8. WHEDA bonds issued on or prior to January 28, 1987, except business development revenue bonds, economic development revenue bonds and CHAP housing revenue bonds issued by WHEDA.
Tax 3.095(4)(a)10.
10. WHEDA bonds issued under s.
234.65, Stats., to fund an economic development loan to finance construction, renovation or development of property that would be exempt under s.
70.11 (36), Stats.
Tax 3.095(4)(a)12.
12. WHEDA bonds or notes issued under s.
234.08 or
234.61, Stats., on or after January 1, 2004, if the bonds or notes are issued to fund multifamily affordable housing projects or elderly housing projects.
Tax 3.095(4)(a)18.
18. Wisconsin Health and Educational Facilities Authority bonds or notes issued under s.

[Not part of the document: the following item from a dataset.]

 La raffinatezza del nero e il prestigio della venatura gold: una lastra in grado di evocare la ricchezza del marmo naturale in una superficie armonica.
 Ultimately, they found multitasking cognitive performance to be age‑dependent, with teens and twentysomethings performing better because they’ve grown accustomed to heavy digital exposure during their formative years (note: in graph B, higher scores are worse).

231.03 (6), Stats., on or after October 27, 2007, if the proceeds from the bonds or notes that are issued are used by a health facility, as defined in s.

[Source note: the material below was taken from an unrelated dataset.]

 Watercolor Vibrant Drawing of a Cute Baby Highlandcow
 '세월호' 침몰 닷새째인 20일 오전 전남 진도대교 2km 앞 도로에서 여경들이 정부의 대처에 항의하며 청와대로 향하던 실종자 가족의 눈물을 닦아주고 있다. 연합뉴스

231.01 (5), Stats., to fund the acquisition of information technology hardware or software.
Tax 3.095(4)(a)19.
19. Bonds or notes issued by a commission created under s.
66.0304, Stats., if any of the following applies:
Tax 3.095(4)(a)19.a.
a. The bonds or notes are used to fund multifamily affordable housing projects or elderly housing projects in this state, and WHEDA has the authority to issue its bonds or notes for the project being funded.
Tax 3.095(4)(a)19.b.
b. The bonds or notes are used by a health facility, as defined in s.

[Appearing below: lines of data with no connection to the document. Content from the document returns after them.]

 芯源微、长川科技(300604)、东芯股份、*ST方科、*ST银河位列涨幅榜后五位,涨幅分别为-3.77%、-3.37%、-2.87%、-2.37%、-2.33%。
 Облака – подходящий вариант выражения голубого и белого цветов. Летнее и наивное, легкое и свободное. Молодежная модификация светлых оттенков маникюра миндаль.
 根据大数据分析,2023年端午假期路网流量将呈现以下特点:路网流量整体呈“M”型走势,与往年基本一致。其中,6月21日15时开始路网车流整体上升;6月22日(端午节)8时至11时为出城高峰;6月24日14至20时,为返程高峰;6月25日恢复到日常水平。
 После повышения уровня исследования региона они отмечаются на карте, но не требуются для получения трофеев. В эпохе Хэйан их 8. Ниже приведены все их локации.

231.01 (5), Stats., to fund the acquisition of information technology hardware or software, in this state, and the Wisconsin Health and Educational Facilities Authority has the authority to issue its bonds or notes for the project being funded.
Tax 3.095(4)(a)19.c.
c. The bonds or notes are issued to fund a redevelopment project in this state or a housing project in this state, and the authority exists for bonds or notes to be issued by an entity described under s.
66.1201,
66.1333, or
66.1335, Stats.
Tax 3.095(4)(a)20.
20. WHEDA bonds or notes, if the bonds or notes are issued to provide loans to a public affairs network under s.
234.75 (4), Stats.
Tax 3.095(4)(a)21.
21. WHEFA bonds or notes, if the bonds or notes are issued for the benefit of a person who is eligible to receive the proceeds of bonds or notes from another entity for the same purpose for which the bonds or notes are issued and the interest income received from the other bonds or notes is exempt from taxation under subch.
I of ch. 71, Stats.
Tax 3.095 Note
Note: Under par. (a), interest and dividends payable on certain securities issued on or before January 28, 1987, is exempt from Wisconsin income tax. This is because prior to enactment of
1987 Wis. Act 27, which amended s. 71.05 (1) (a) 1., 1985 Stats., effective with securities issued after January 28, 1987, no modification was provided to add to federal adjusted gross income interest and dividends which were excludable from federal adjusted gross income for any reason other than or in addition to s. 103 of the internal revenue code. Section 71.05 (1) (a) 1., 1985 Stats., was renumbered s. 71.05 (6) (a) 1., Stats., by
1987 Wis. Act 312, effective January 1, 1989.
Tax 3.095(4)(b)3.
3. Bank repurchase agreements for U.S. Government treasury bills, notes and bonds, if interest is paid by the federal government directly to the taxpayer.